2. The probe mounting structure for a hot and cold stage according to claim 1, characterized in that: The inner wall of the hot and cold stage (101) is provided with a connection hole (105), and the end of the probe arm (102) passes through the connection hole (105) and is connected to the moving end of the adjustment displacement stage (103).

3. The probe mounting structure for a hot and cold stage according to claim 1, characterized in that: The clamp (202) includes a first clamping piece (204) and a second clamping piece (205). The probe arm (102) has a threaded hole (206) at the end away from the adjustment displacement stage (103). A knob cap (207) is rotatably provided at the end of the probe arm (102). A threaded post (208) is fixedly installed on the side of the knob cap (207). The threaded post (208) is threadedly engaged with the threaded hole (206).

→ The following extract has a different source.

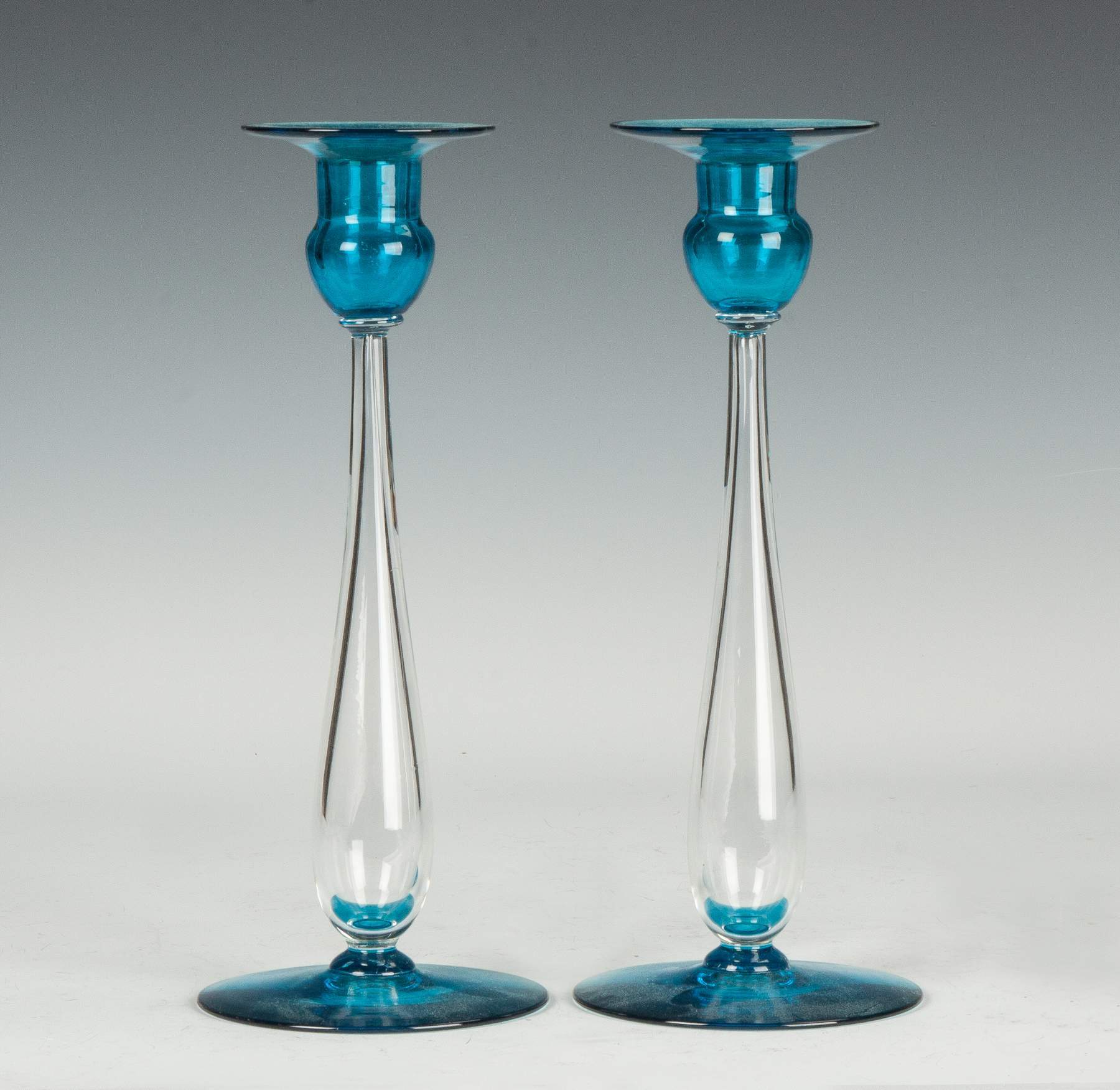| Lot #: 439 Steuben Celeste Blue Candlesticks |

4. The probe mounting structure for a hot and cold stage according to claim 3, characterized in that: The first clamping piece (204) and the second clamping piece (205) are configured as curved arc pieces with a C-shaped cross section. Both the first clamping piece (204) and the second clamping piece (205) are made of metal, and the first clamping piece (204) and the second clamping piece (205) are symmetrically arranged.

5. The probe mounting structure for a hot and cold stage according to claim 3, characterized in that: The probe arm (102) has a clamping cavity (301) inside, and a limiting groove (302) is provided in the clamping cavity (301). A slide rod (303) is slidably installed in the limiting groove (302). A turntable (304) is rotatably installed on the end wall of the threaded column (208). A connecting rod (305) is fixedly installed at the end of the slide rod (303). The turntable (304) is rotatably connected to the connecting rod (305). The other end of the connecting rod (305) is fixedly connected to the first clamping piece (204).

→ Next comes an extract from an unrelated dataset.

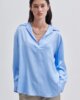 Second Female Seidenbluse mit offenem Halsausschnitt. Hergestellt aus superweicher und glatter Viskose mit glänzender Qualität. Mit offenem Halsausschnitt mit Knopfleiste und Kragen. Lange Ärmel mit überschnittenen Schultern und geknöpften Manschetten. Geformter Saum mit längerem Rücken. Lockere Passform mit entspannter, fließender Silhouette.

6. The probe mounting structure for a hot and cold stage according to claim 5, characterized in that: An mounting plate (306) is fixedly installed inside the clamping cavity (301), and the other end of the mounting plate (306) is fixedly connected to the second clamping piece (205).

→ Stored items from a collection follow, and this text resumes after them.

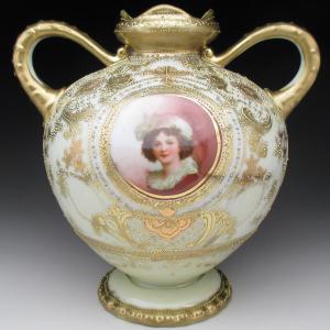 オールドノリタケ 金盛りポートレート貴婦人 花瓶
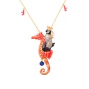 - Orange Seahorse and Penguin Enamel Pendant Necklace Jewelry Gift
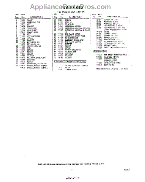 Parts for SAF440W1

7. The probe mounting structure for a hot and cold stage according to claim 3, characterized in that: The first clamping piece (204) and the second clamping piece (205) are provided with a plurality of notches (401), which divide the first clamping piece (204) and the second clamping piece (205) into petal shapes.

8. The probe mounting structure for a hot and cold stage according to claim 5, characterized in that: The bottom wall of the second clamping piece (205) has a through hole, and a variable rod (402) is fixedly installed in the clamping cavity (301). The variable rod (402) passes through the bottom wall of the second clamping piece (205) through the through hole, and a reinforcing plate (403) is fixedly installed at the top end of the variable rod (402).

9. The probe mounting structure for a hot and cold stage according to claim 8, characterized in that: The variable rod (402) is a metal rod with a coefficient of thermal expansion greater than that of the clamp (202).

10. A probe mounting structure for a hot and cold stage according to claim 9, characterized in that: When a hot and cold cycle occurs inside the hot and cold stage (101), the change rod (402) slides in contact with the bottom wall of the second clamping piece (205).